Federation between events services. So a user on one of these services can subscribe to remote events from the same service and from another service.
As far as I was able to tell, from reading the ActivityPub specification, there's no way to federate events between services without going through a user's subscriptions. As I said above, AP seems geared towards inter-personal exchange and not inter-system exchange. Syncing events can be done today with either the ActivityStreams endpoint or the simple JSON endpoint, both of which are already in GetTogether. Or, as with @Nutomic 's example of a calendar provider, with the iCal feeds provided per-team and per-user already.
Allowing a user in one system to RSVP to an event in another system is quite a bit more difficult, we would have to extend our User and UserProfile models to identify local user accounts from remote user accounts, provide a way to authenticate a remote user account, and provide a way for a remote instance to send notification messages to a local user's email without giving their email out to those remote instances. Spam control would also need to be a consideration at that point.
What kind of "events service" do you mean by this?
Usually when talking about federation it means different instances of the same or similar software platform being run by different entities. For example, you could run your own instance of GetTogether on your own domain name, and share events and users with gettogether.community and vice-versa. Or something like loco.ubuntu.com could share their events with gettogether.community and allow users from one site see and RSVP for events created in the other.
As far as I was able to tell, from reading the ActivityPub specification, there's no way to federate events between services without going through a user's subscriptions. As I said above, AP seems geared towards inter-personal exchange and not inter-system exchange.
Not necessarily. While most implementations today focus on the User actor type, ActivityPub also supports Group, Organisation, Application, and Service, which can all have an inbox/outbox: https://www.w3.org/TR/activitystreams-vocabulary/#actor-types
Also note that many ActivityPub projects have a sharedInbox
on the server level, for scalability reasons. So you don't actually have to deliver to individual actors.

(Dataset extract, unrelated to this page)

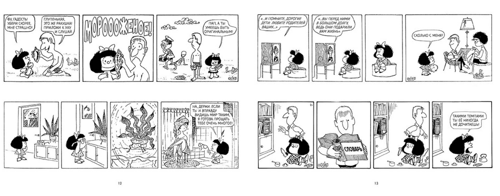 Мафальда – главная героиня одноимённой серии коротких комиксов, точнее, комикс-стрипов (от англ. strip – полоска, лента, где один горизонтальный ряд кадров – одна история), созданных всемирно известным аргентинским художником-карикатуристом Хоакином Сальвадором Лавадо (1932–2000), более известным под псевдонимом Ки́но.
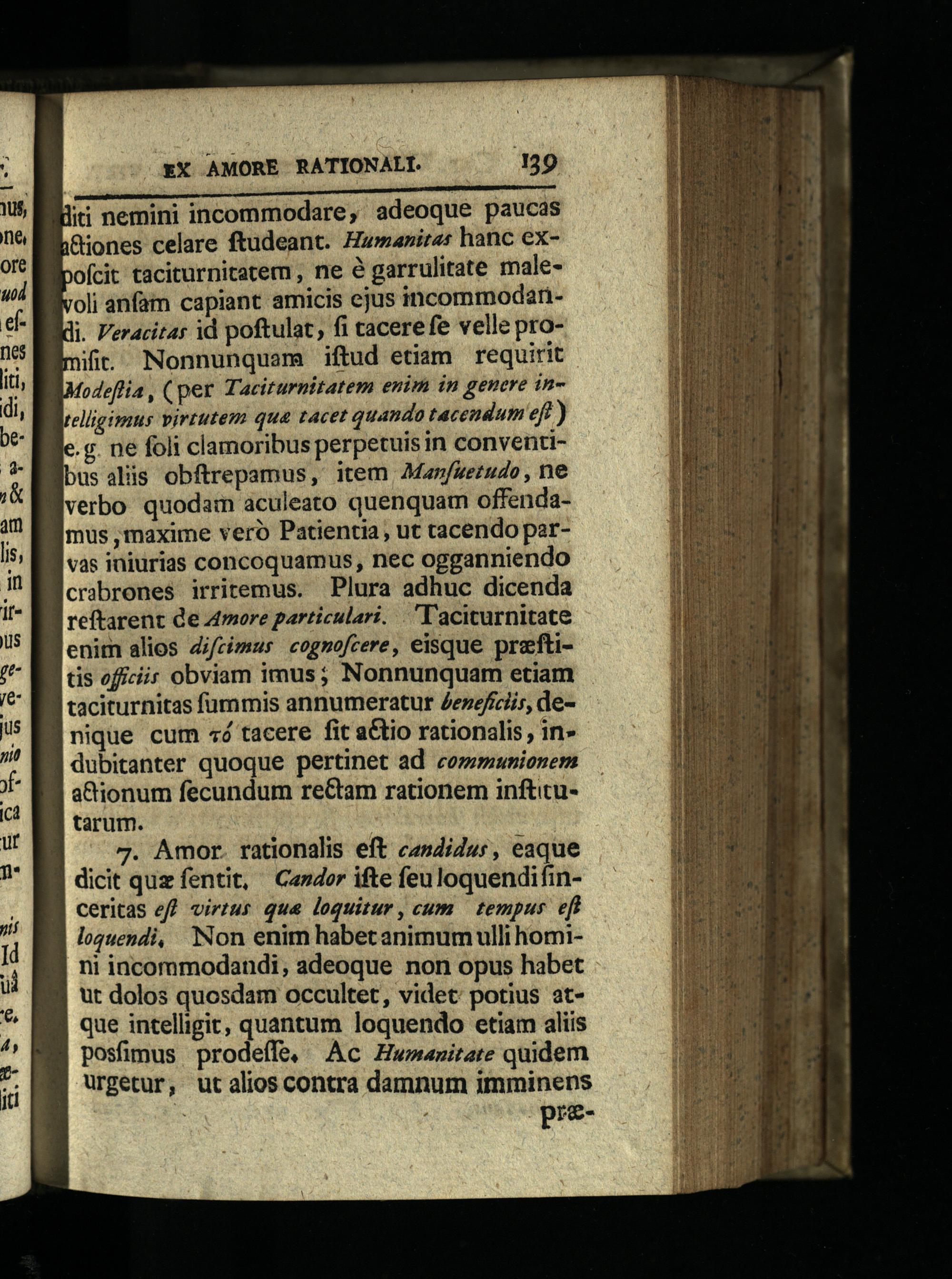 7. Amor. rationalis eft casdidu;, eaque dicit quz fentit, Cazdoer ifte feuloquendifinceritas eff virtus qua loquitur, cum| tempus. eft loquendi, Non enim habet animum lli homini incommodandi, adeoque non opus habet ut dolos quosdam occultet, videt potius atque intelligit, quantum loquendo etiam aliis posfimus prodeffe, Ac Humanitate quidem urgetur, ut alios contra damnum imminens

I would highly encourage to consider implementing ActivityPub in some way. It would be sad if we get a new batch of open source meetup replacements which don't talk to each other. Sure you will find some pains and things to work around, but in the end ActivityPub is more of a framework than a strict spec. You only need to implement the parts you need.
I guess the questions the GetTogether developers need to have clear answers to are: 1) do you want GetTogether instances to be able to federate with each other? 2) do you want GetTogether instances to eventually be able to interoperate and share events data with instances of other platforms that have events calendar features (Friendica, Hubzilla, Mobilizon, Gancio, Gath etc) 3) do you want to achieve 1) and 2) without having to define your own federation protocols from scratch, and with at least some assumptions about interop already shared with other projects (ie those defined in AP)
If the answer to 1) is "no", the whole discussion is moot. If the answer to 2) is "no", then it only matters to GT devs what protocols they use to achieve federation of GT instances. If the answers to all three questions are "yes", I guess it's up to some coders familiar with implementing AP to demonstrate why it's a good solution for all three. Maybe someone could put together a proof-of-concept demonstrating federation between GT and Friendica events, and showing how that's helpful for users of both?
I agree to @strypey – there is a place to GetTogether: ⬡ https://conf.activitypub.rocks
So is GetTogether federating with mobilizon and other fediverse instances?
We now have a standard for federated interaction between services, called ActivityPub: https://www.w3.org/blog/news/archives/6785 https://activitypub.rocks/
We already have Mastodon, Pleroma and PeerTube in our Fediverse. Soon there will also be Aardwolf and several other social interaction engines. It would be cool if you join in.